Eu não posso fazer nada... SERÁ?

por 18:12 0 comentários


Eu tenho um filho de quase três anos. Ele me acorda com um "mondia", me pede o "mamá" (que já vem no copinho, mas o nome carinhoso persiste), e corre para me mostrar que todos os brinquedos amanheceram no mesmo lugar em que estavam quando anoiteceu. Ele pede desculpas quando não fez absolutamente nada, apenas para ganhar beijo. Ele adora o Buzz "Laitias" e "Masha e o Urso". Ele adora pular em cima do sofá e se esconder (com os pés visíveis) atrás da cortina... Se ninguém percebe, ele mesmo dá a dica dizendo "cadê o Menício?", e treme dando risadinhas enquanto estamos procurando sem sucesso. Ele ainda dorme abraçado a uma manta com cabeça de elefantinho. Ele odeia quando a calça sobe até os joelhos, e odeia quando elas encurtam de repente (o que tem acontecido com uma enorme frequência). Ele adora fazer círculos no papel, ele adora se agarrar com os braços e as pernas às minhas pernas e gritar "peguei a perna!", e vibra quando eu caminho com ele agarrado assim... Ele entra na cozinha e fica pensando no que quer comer, ele conta os gizes de cera até treze, e então conta todos os outros como treze, também... Ele faz birra, ele dorme no carro em trajetos longos, ele insiste em cutucar o nariz, e se esconde atrás da porta para fazê-lo quando eu reclamo. Ele faz tudo o que uma criança de três anos costuma fazer.
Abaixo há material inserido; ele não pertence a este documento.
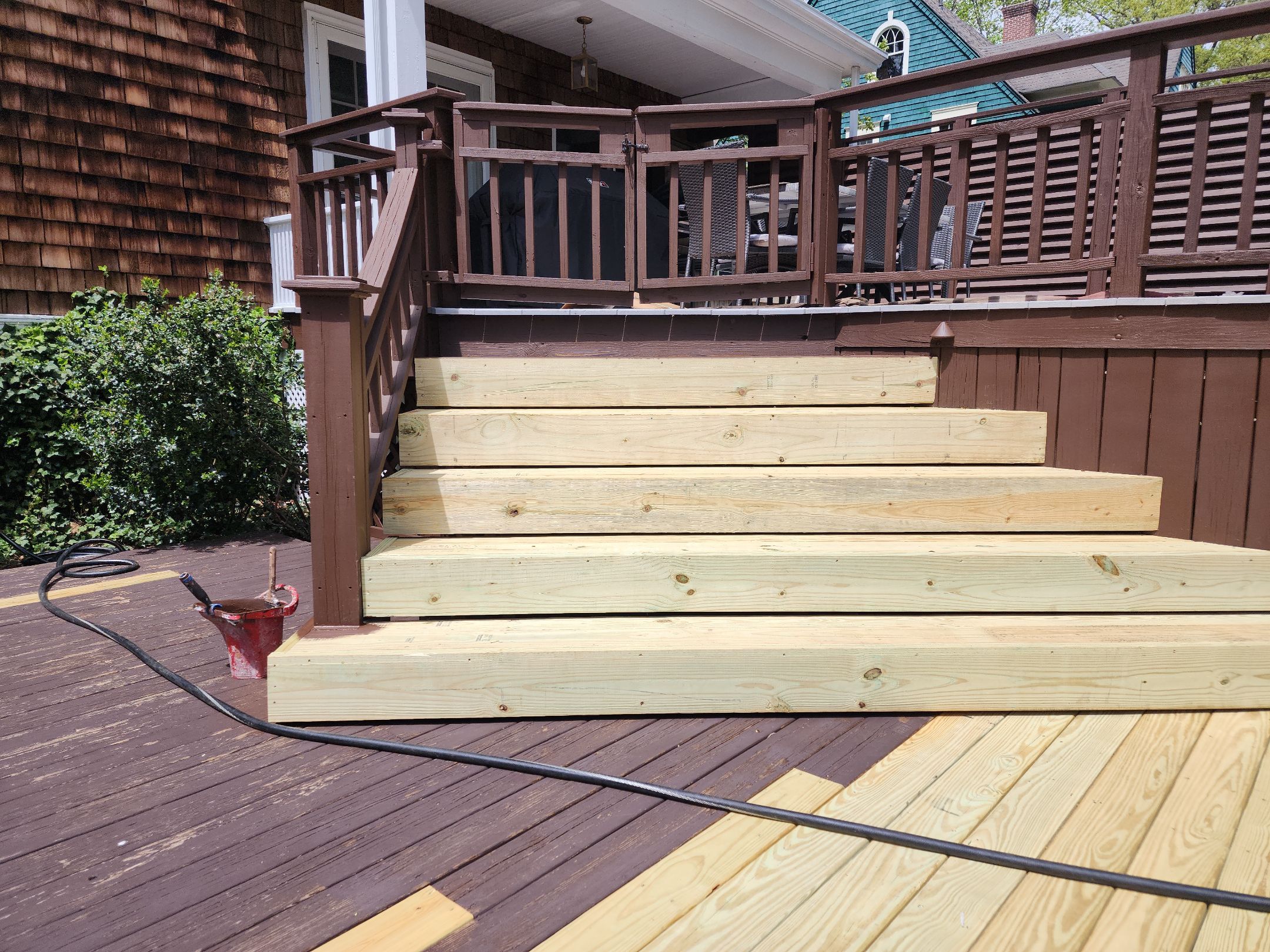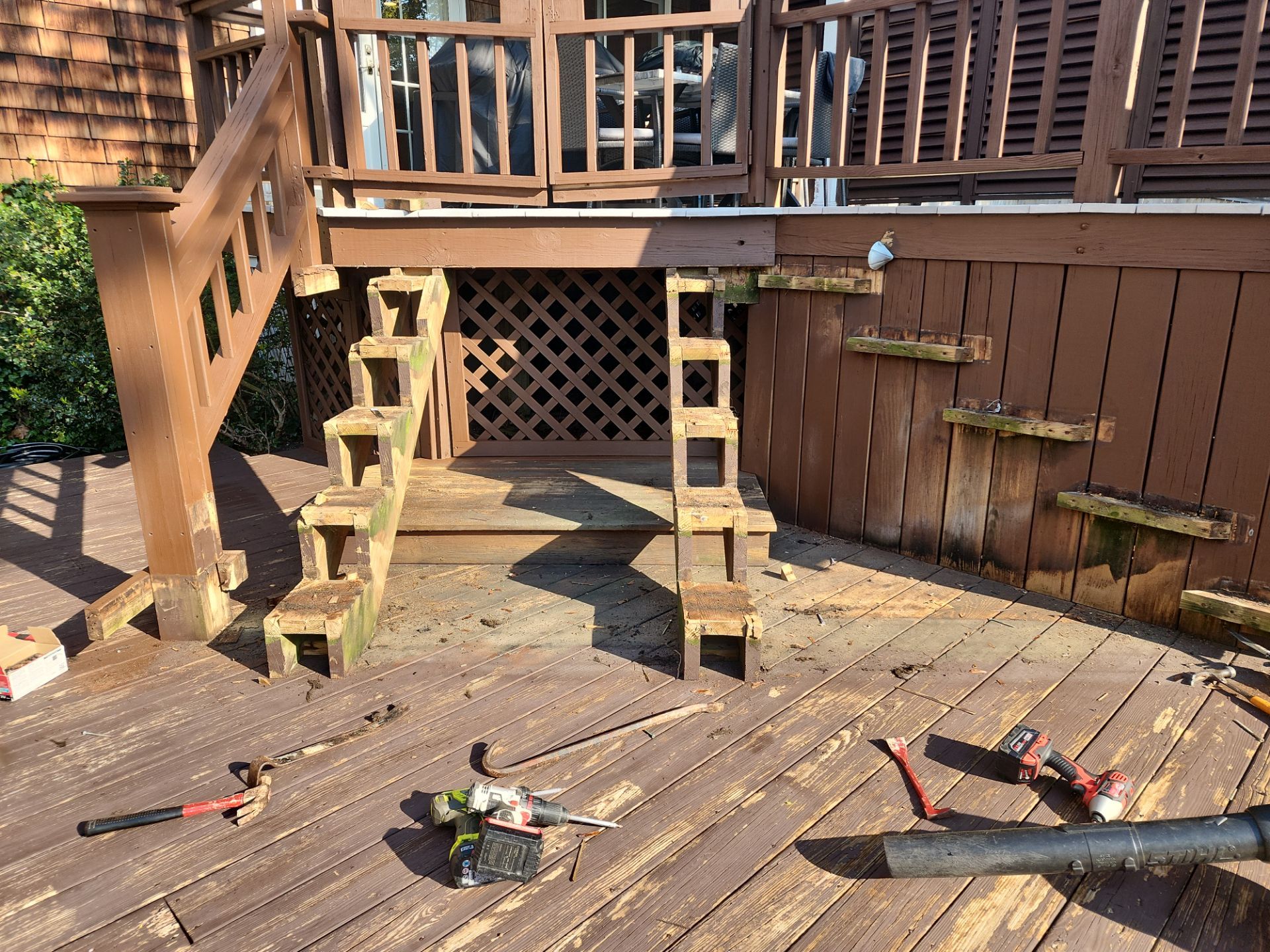 Our first step was removing the failing stairs and building a brand-new staircase so the deck was safe, solid, and ready for restoration.

Tenho certeza de que a imagem acima chocou inclusive quem não tem uma criança de três anos por perto. Mas provocou arrepios em quem tem ou teve. Porque representa tudo que uma criança de três anos não poderia estar fazendo.

Nessas horas de comoção geral, eu gosto de ler o que dizem os racionais... É duro, mas sou o tipo de pessoa que faz questão de ouvir o outro lado. Então li um pequeno texto sobre como o Estado Islâmico "planta" pessoas na Europa como refugiados, e que a cautela se justificaria. Esse foi o único argumento "avesso" que encontrei. Vou adiante, então.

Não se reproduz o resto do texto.